かめじょ とくがわいえやす 亀女と徳川家康
しみずかめじょ
志水亀女(相応院)
天正元年(1573)〜寛永19年(1642)
石清水八幡宮社務であった田中家の分家に当たる正法寺・志水宗清の娘亀女は徳川家康に嫁ぎ、尾張徳川家の祖、義直を出産。このため、正法寺(挿し絵)は江戸時代、尾張藩の庇護を受け、隆盛を極めた。
亀女は、竹越定右衛門に嫁ぎ、息子、正信をもうけたが、夫と死別。天正17年(1589)、16歳で離婚し、息子とともに正法寺で暮らしていた。
あるとき、亀女が息子の正信をタライに入れて行水させていると、徳川家康の行列が通り、亀女はあわてて息子をタライに入れたまま運び去った。これを見た家康は、「この女性ならきっと強い子を産んでくれるに違いない」と見初めたという。こうして文禄3年(1594)、徳川家康(53歳)の側室として迎えられた亀女は、文禄4年(1595)に仙千代を出産(6歳で没)。慶長5年(1600)には、五郎太(後の義直)を産んだ。このとき、亀女27歳であった。

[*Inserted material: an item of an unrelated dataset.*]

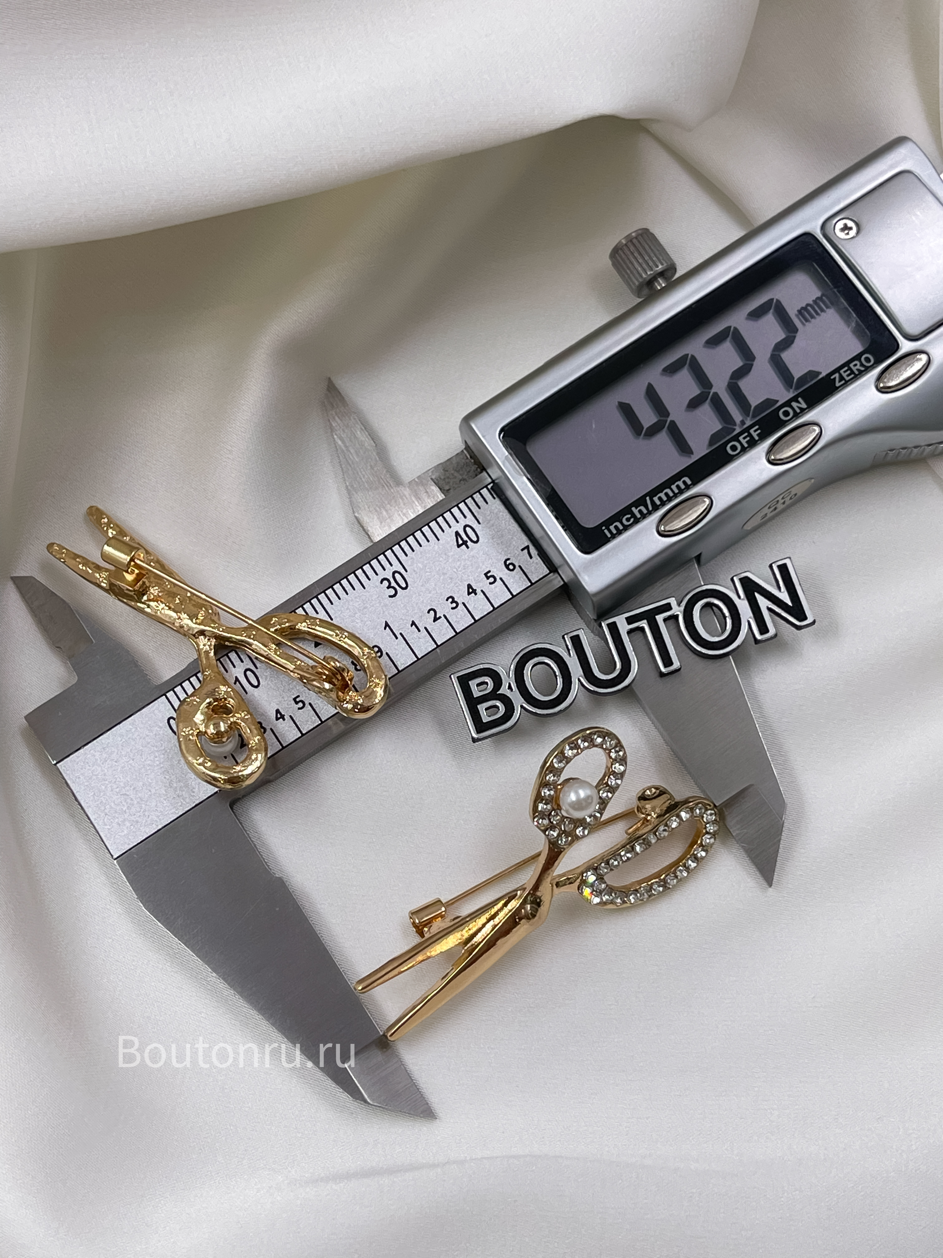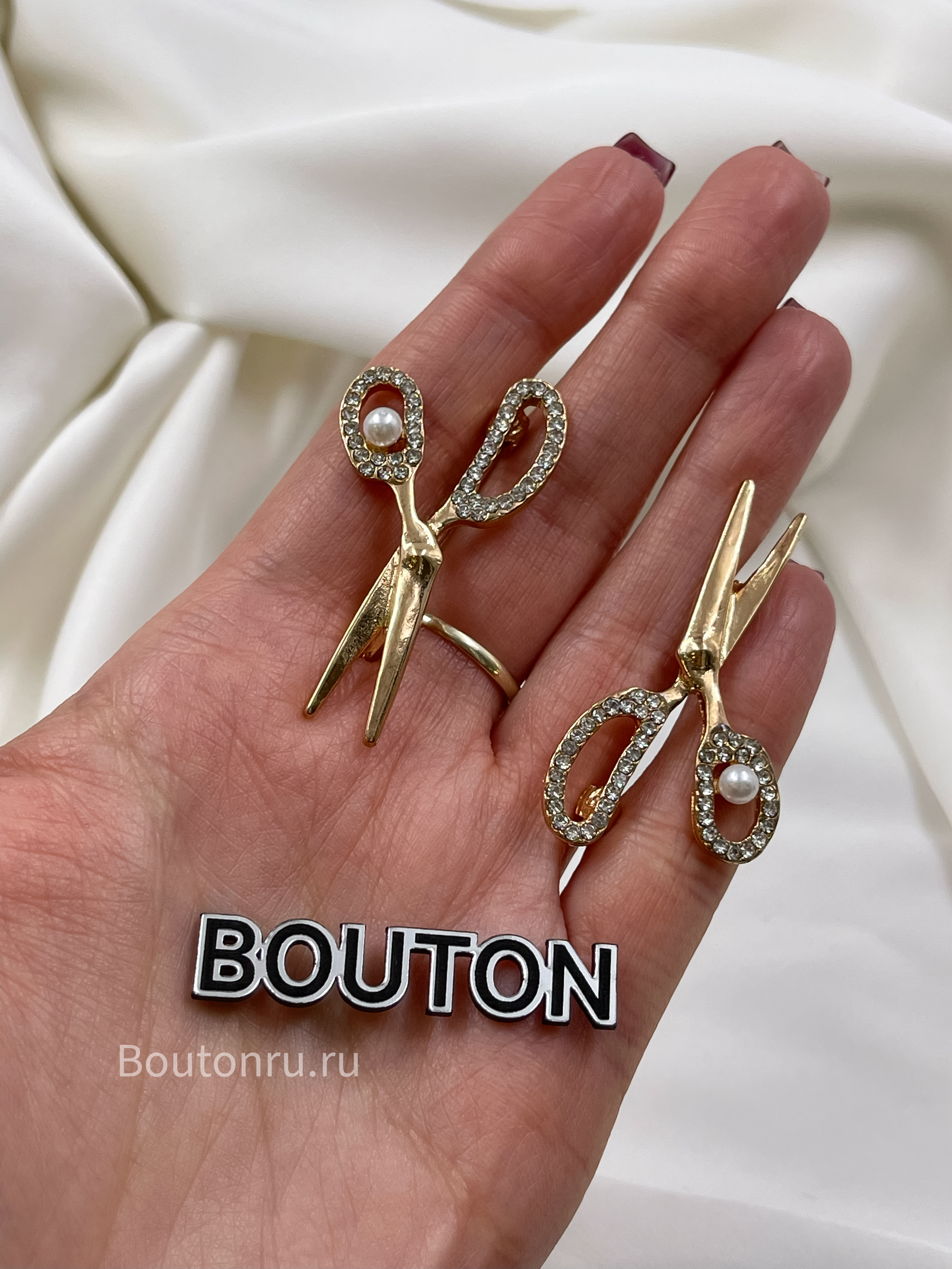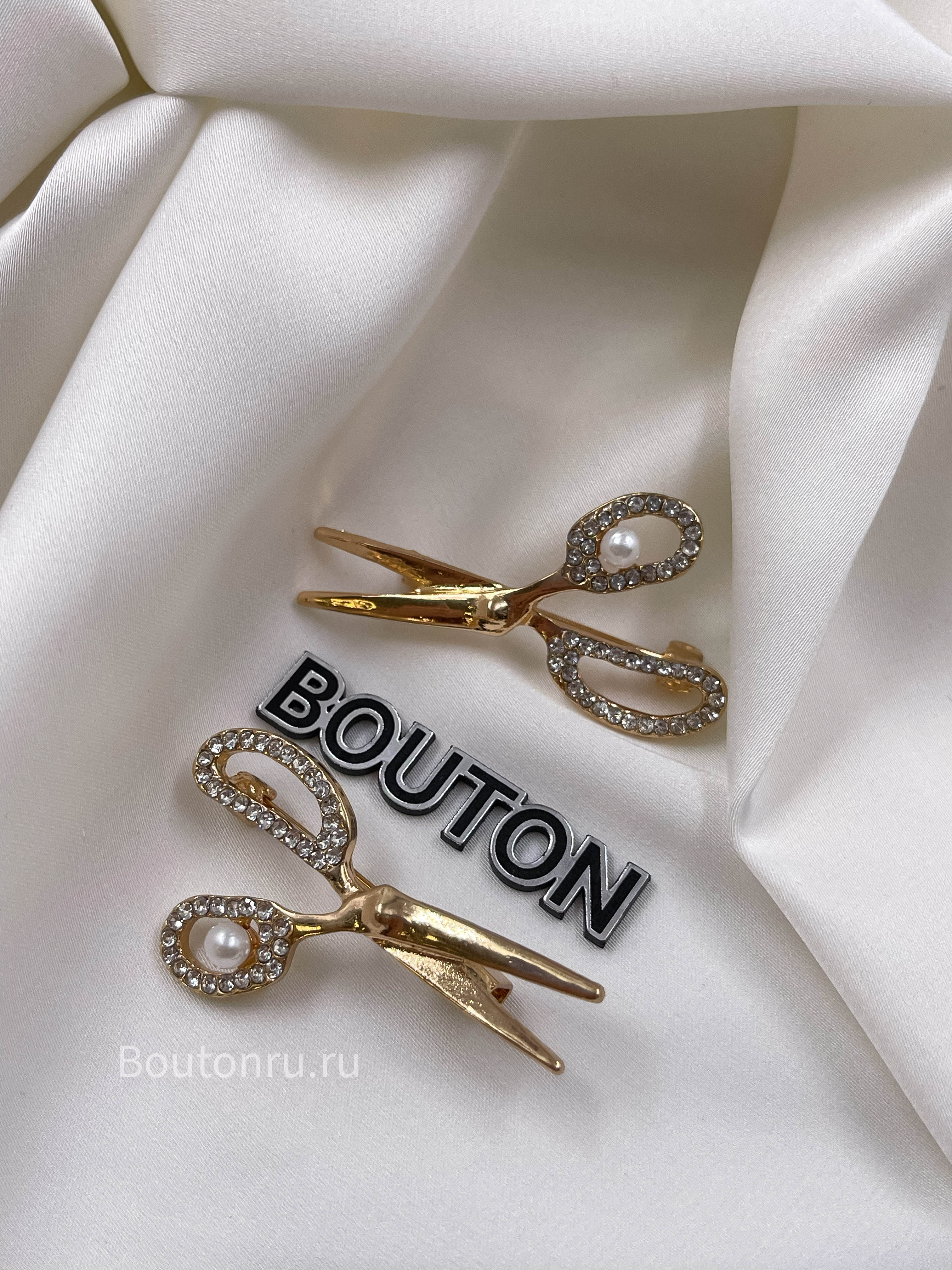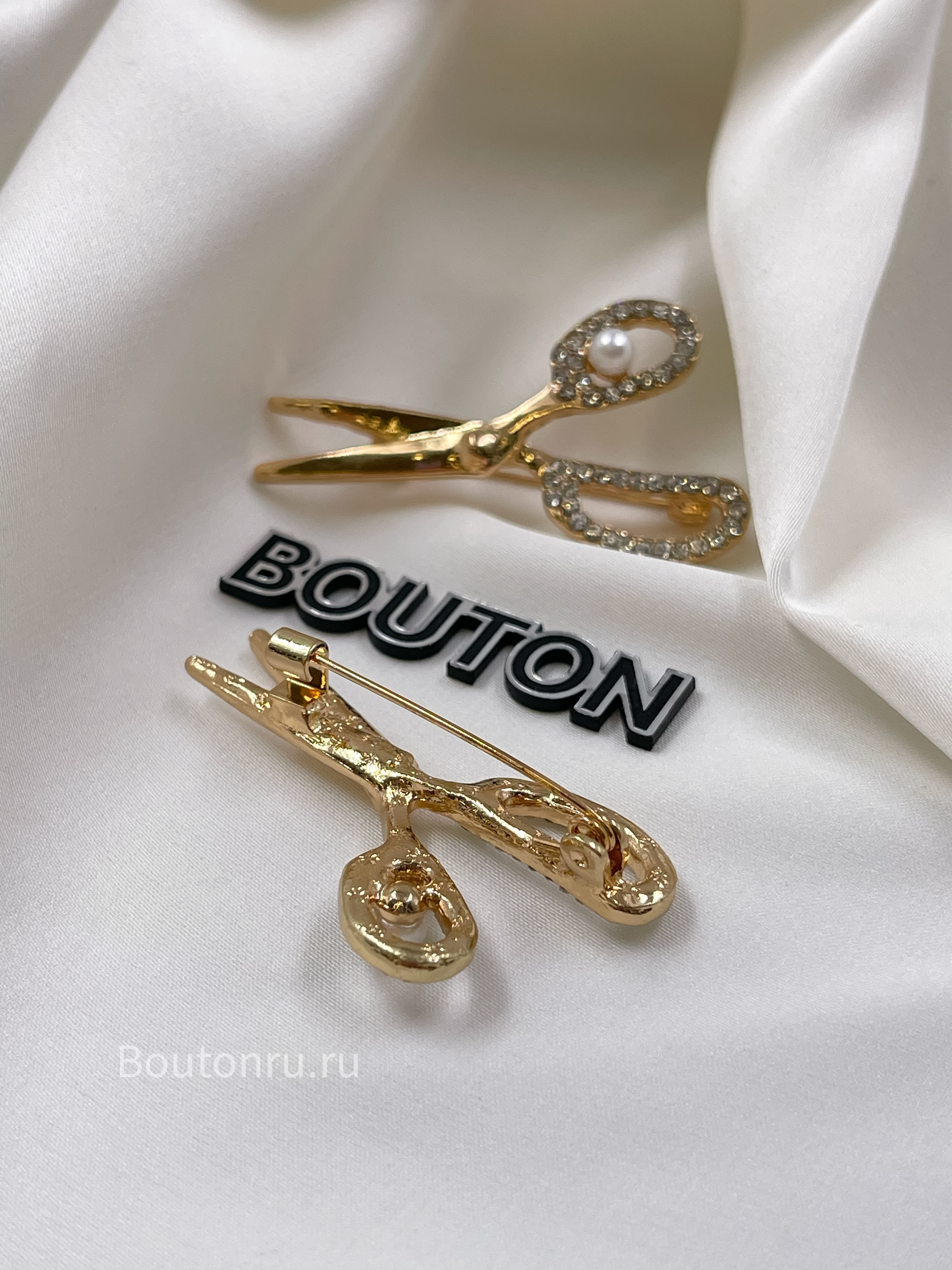 Брошь золотистая "Ножницы " со стразами и жемчугом

慶長15年(1610)、石清水八幡宮領を「検地令免許、守護不入」の地とする徳川家康の朱印状が石清水八幡宮に届けられた。これは、石清水八幡宮の権威によることも大きかったのですが、尾張藩の祖義直を産んだ亀女の働きによることが大きかったと考えられる。また、これを裏付けるように、慶長16年(1611)8月12日、亀女から石清水八幡宮社務三家へ書状が届けられ、そこには八幡宮社領が検地免除されたことを喜ぶとともに、そのお礼に八幡宮山上山下惣衆から家康に対し菖蒲革10枚が贈られたことに対するお礼の言葉が述べられている。これを初めとして、毎年正月に八幡宮社士惣中から年頭礼として菖蒲革3枚を献上するため、江戸へ参府されている。
亀女は家康の死後、「相応院」と名乗り、義直のいる名古屋城で暮らすことになる。晩年には、志水家菩提寺の正法寺に千両という大金を寄進し、本堂、大方丈、唐門を建立した。また、没後には遺言によって百両を寄進、その後も尾張藩の庇護を受け続けた。亀女の先夫の子、竹越正信は、尾張藩の家老職に就き、藩を盛り上げた。